The world is in the middle of a major energy transition as it looks to reduce the use of carbon fuels like oil and natural gas. However, this is likely to be a slow-moving shift given the massive scale of this undertaking. And that means that more aggressive investors can still find opportunity in the oil patch -- though sticking with the biggest, most diversified, and strongest names is probably a good call.

That means that U.S. integrated giants ExxonMobil (XOM -0.84%) and Chevron (CVX -0.18%) should be on your shortlist. But which one is the better bet? Here are a few key facts to consider.

1. Notable Similarities

Although Exxon and Chevron are not exactly interchangeable, they are very similar. Both have large upstream (drilling), midstream (pipeline), and downstream (chemicals and refining) operations. They also have massive reach and global portfolios, despite being based out of the United States, which is one of the biggest energy producers in the world. On the drilling side, they each have offshore and onshore exposure. In other words, they are both one-stop investments for those seeking exposure to the global energy sector.

What differentiates them is the nuances -- which end up being very important today given the shifting market environment in which they operate.

A person in protective gear working on an energy pipeline.

Image source: Getty Images.

2. Dividend differences

Exxon's yield is 6% today. Chevron's dividend yield is 5.3%. Exxon has increased its dividend annually for 38 consecutive years, while Chevron is a few years behind at 34 (at present they are both Dividend Aristocrats). Historically, both have grown dividends annually at a pace in the mid-single-digits.
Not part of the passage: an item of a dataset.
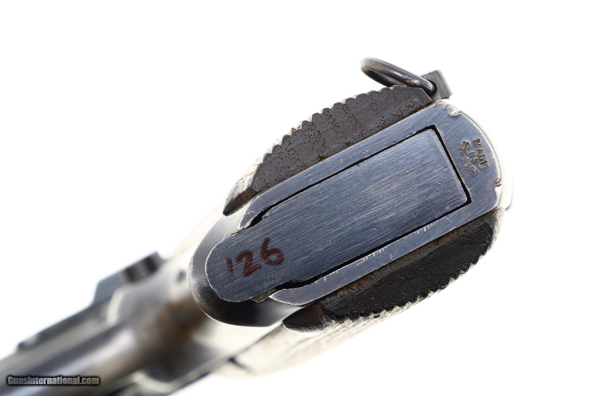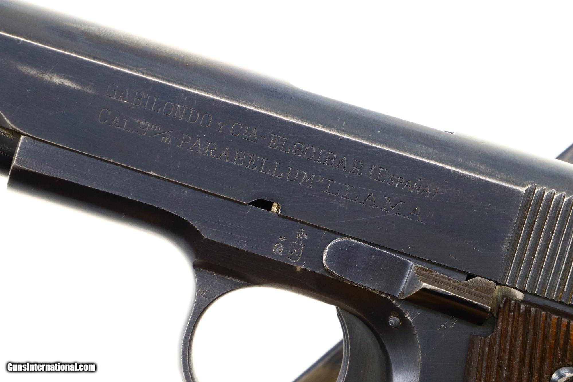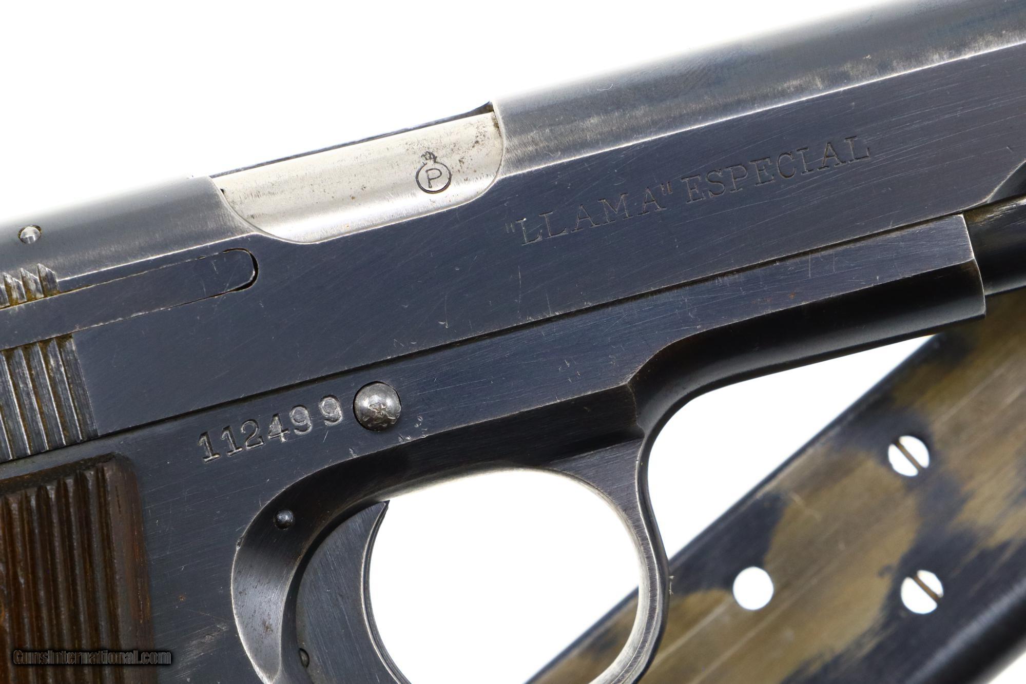 Description: Standard configuration Llama Especial with 5 inch barrel, having fixed front sight and drift adjustable rear sight. Left side of slide referencing manufacturer, location in Elgoibar and caliber. Eibar proofing on left frame with "Q" reflecting 1946. Automatic pistol proof repeated on left side of slide and exposed chamber. Right side of slide marked 'LLAMA' ESPECIAL. Full serial number on right side of frame. Disassembly shows matching slide and barrel with assembly number 803. Vertically serrated wood grips. Push button magazine release for single column magazine having 7 indicator holes and an enclosed floorplate. Synopsis: Highly attractive and uniquely configured full size Llama pistol with contoured frontstrap, made in 1946. Condition: VG+ with sharp edge wear and thinning of front and backstraps as carefully photographed suggesting moderate but careful use. Comparable conditon grips that are oil darkened and have a scattering of light handling marks. Bright bore with sharp rifling. Perfect manual mechanics. A uniquely configured single action 9mm Llama from 1946. ~~Insured shipping fee of $45; most packages shipped using FedEx 2nd Day.~~ SOLD Manufacturer: Llama Serial Number: 112499 Caliber Info: 9mmP |

Before you give Exxon the edge, though, it hasn't increased its quarterly dividend since the second quarter of 2019. If it doesn't up the payout in the fourth quarter this year, the dividend streak noted above will end.
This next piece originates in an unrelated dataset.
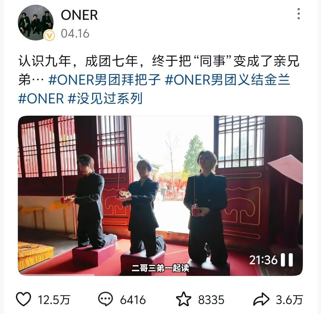 三名成员在关二爷面前结为异姓兄弟,互相鞠躬行礼、上香。 至截稿日,这条结拜vlog已经收获12.5万赞,3.6万转发。

Chevron increased its dividend in 2020 and in 2021. This speaks to a company that is in a better financial and industry position, which will be looked at more closely below. But the key takeaway is that the extra yield from Exxon comes with extra risks, and may not be the best option for more conservative income-focused investors.

3. Growing or stumbling

To be fair, both Chevron and Exxon are well run companies with impressive records of operating their assets well. However, business goes in cycles, and right now Chevron is simply performing better. Leading into the 2020 industry downturn precipitated by the coronavirus pandemic, Chevron was coming off of a spending period, while Exxon was just getting set to ramp up its investment plans. Thus, Exxon got hit harder than Chevron when energy companies were forced to pull back because it needed to spend more money to keep its production from falling. Chevron was at a point where it was benefiting from past spending.

Although oil prices have recovered from their worst levels, this dynamic remains in place. Chevron's spending needs are simply more modest than Exxon's, and thus are likely to be more manageable. 

4. The foundation

Highlighting this difference is the fact that Chevron and Exxon have basically switched places when it comes to balance sheet strength. Energy companies used debt to muddle through the downturn. But because Chevron's needs were more modest, it came out the other side in stronger financial shape. To put a simple number on that, Chevron's debt-to-equity ratio is roughly 0.33 times, compared to Exxon's 0.38 times. While those are roughly similar figures, the important piece of the story is that it is a reversal of the recent historical trend, again suggesting that Exxon is in a weaker position than Chevron today.

CVX Debt to Equity Ratio Chart

CVX Debt to Equity Ratio data by YCharts

It's also worth noting that while Exxon was basically battening down the hatches during the pandemic, Chevron made an opportunistic acquisition to ensure it came out the other side a stronger company. That speaks to the different industry positions here, and highlights that Chevron is, indeed, the stronger business right now.

5. The long-term future

Both Chevron and Exxon have largely decided to stick to their knitting in the oil and natural gas space, preferring to tiptoe into the clean energy area. They have both been under pressure from investors to act more quickly. While they're responding to these requests, neither is acting to the same degree as their European peers. That might put off some investors. However, given the relative strength of Chevron today, it appears in a better position to change than Exxon. 

Exxon wound up losing a board battle with a dissident shareholder that was effectively all about the company's clean energy plans. Chevron, without a similar fight, has announced plans to triple its investment in clean energy. That's still a modest investment overall compared to what it will spend in the oil space, but avoiding the fight that Exxon took on is a statement that investors should monitor. It suggests that Chevron is more willing to adjust with the times than its peer, which should be looked on favorably right now. Exxon is upping its clean energy plans too, but it took a lot more effort to get management to budge, which isn't as good a look as the world changes around these two energy giants. 

In fairness, Exxon was likely targeted for the board fight because of its name recognition. But that doesn't change the visual outcome here, which ends up favoring Chevron.

It's close, but there is a winner 

When you add it all up, unless you are only concerned with buying the stock with the highest yield, Chevron continues to look like it is better positioned than Exxon. Sure, you'll have to accept a slightly lower dividend yield, but the financial strength, dividend growth, and positioning of the business are probably worth a premium price tag.